Many years ago, I was occupying a desk on the corner of a college’s IT facility. For some reason, any phone call for the department would be routed to my desk, and I spent a good proportion of the day fending off calls from would-be suppliers of wonderful gadgetry and utilities for making our lives simpler, if more costly. It was fairly easy to deal with such callers, all you needed to do was to give them a kind of ball park idea of the size of our equipment budget, and they would not bother us again.

One day, however, I was assailed by a new breed of salesperson. This was the kind for whom an apparent lack of funds was not a problem. He called and asked if he could speak to whomever was in charge of the IT facility. At the time, by default, that person was me. I asked what I could do for him.

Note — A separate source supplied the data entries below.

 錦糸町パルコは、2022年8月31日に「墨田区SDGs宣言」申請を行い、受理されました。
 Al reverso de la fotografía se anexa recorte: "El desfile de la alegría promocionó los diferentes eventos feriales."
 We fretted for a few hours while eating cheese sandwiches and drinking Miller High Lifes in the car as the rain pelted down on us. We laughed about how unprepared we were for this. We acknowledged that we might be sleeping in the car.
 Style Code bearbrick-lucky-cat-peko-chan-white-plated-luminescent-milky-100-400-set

He started talking about security products, asked if we had Windows, and proceeded to talk at length about theft. My previous conversation had been on the subject of those old-fashioned kind of windows, the type that Dr. Johnson, in his early dictionary, described as “An orifice in an edifice for the intromission of illumination or ventilation” and I’m afraid that I was still in that sphere of thought.

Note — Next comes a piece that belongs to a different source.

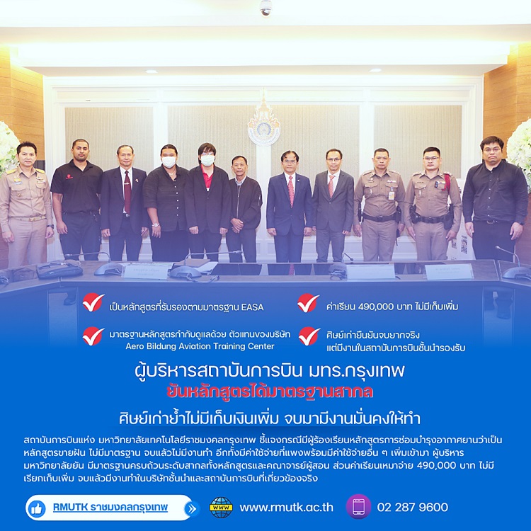 Read Moreผู้บริหารสถาบันการบิน มทร.กรุงเทพ ยันหลักสูตรได้มาตรฐานสากล.. ศิษย์เก่าย้ำไม่มีเก็บเงินเพิ่ม จบมามีงานมั่นคงให้ทำ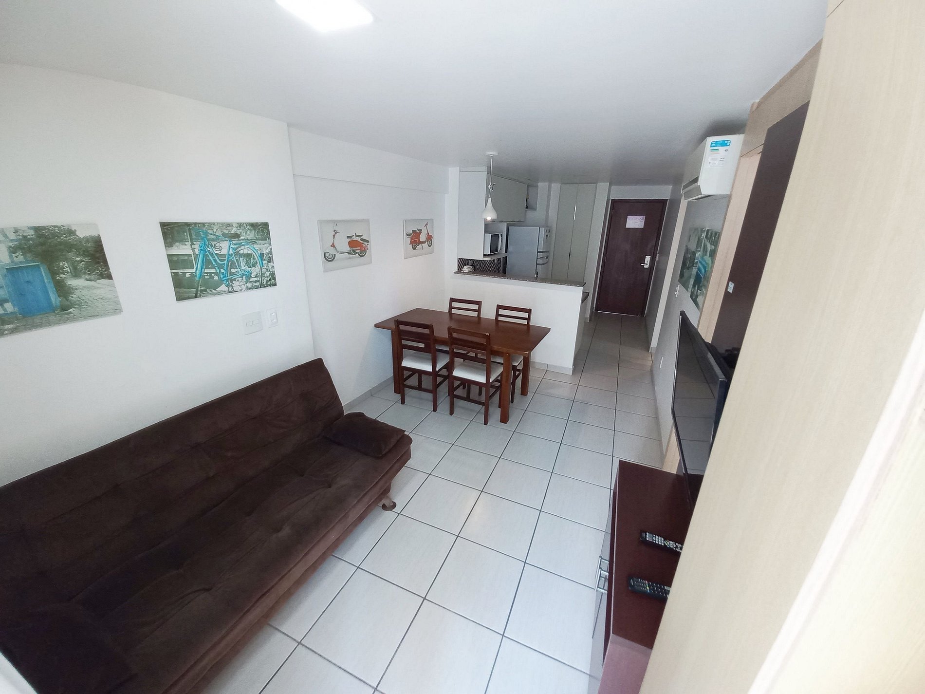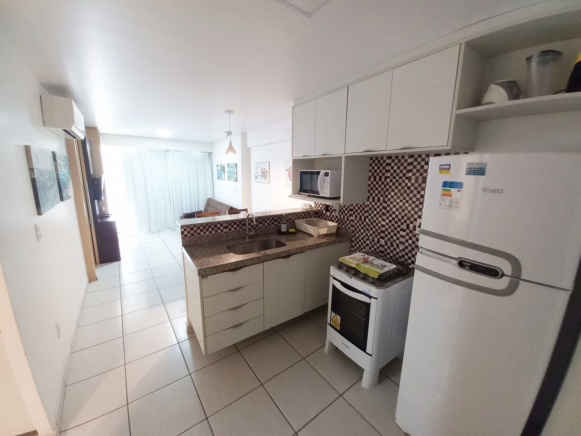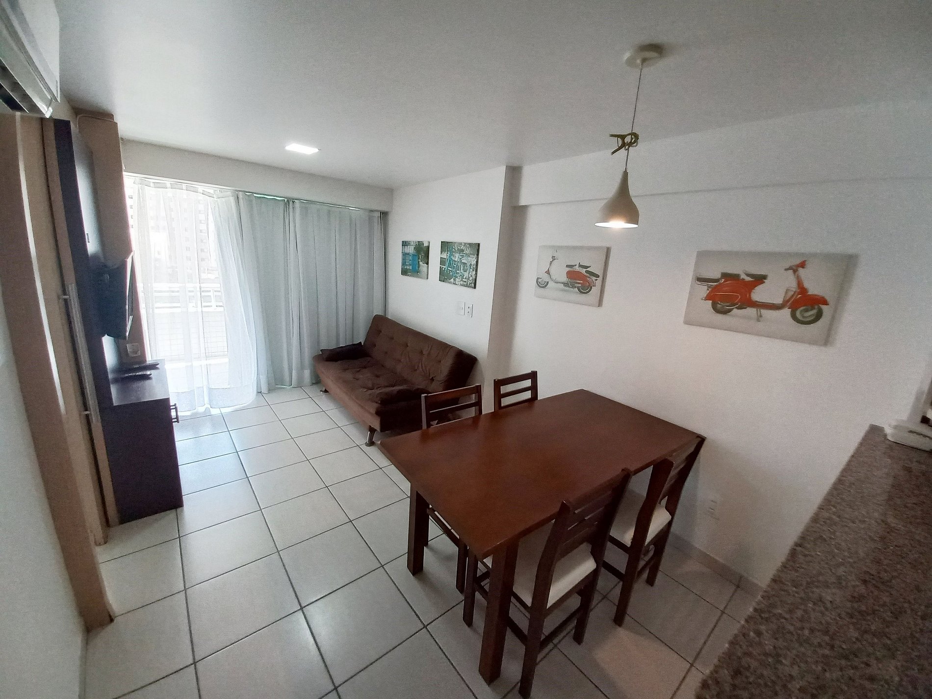 Apartamento 100% mobiliado, 2 quartos com ar condicionado, sendo 1 suíte com cama casal.

So, when he mentioned his product, “Latches for Windows,” I cut him short by saying that we had no need for any such products, all our windows were perfectly secure, thank you very much.

Some time later, the professor to whom, in theory, we reported, arrived at my desk side to inform me that I would be getting a call from a software rep who had a product that could help us to secure our systems. – Remember, this was in the days of Windows 3.11, which was as secure as a wet paper bag.

The prof was very keen on having this system and had arranged for the rep to call me. Sadly, he failed to mention it to me, so when the call came it was dealt with by my usual technique, a method called “Dumb Ignorance,” a method so effective that I have patented it.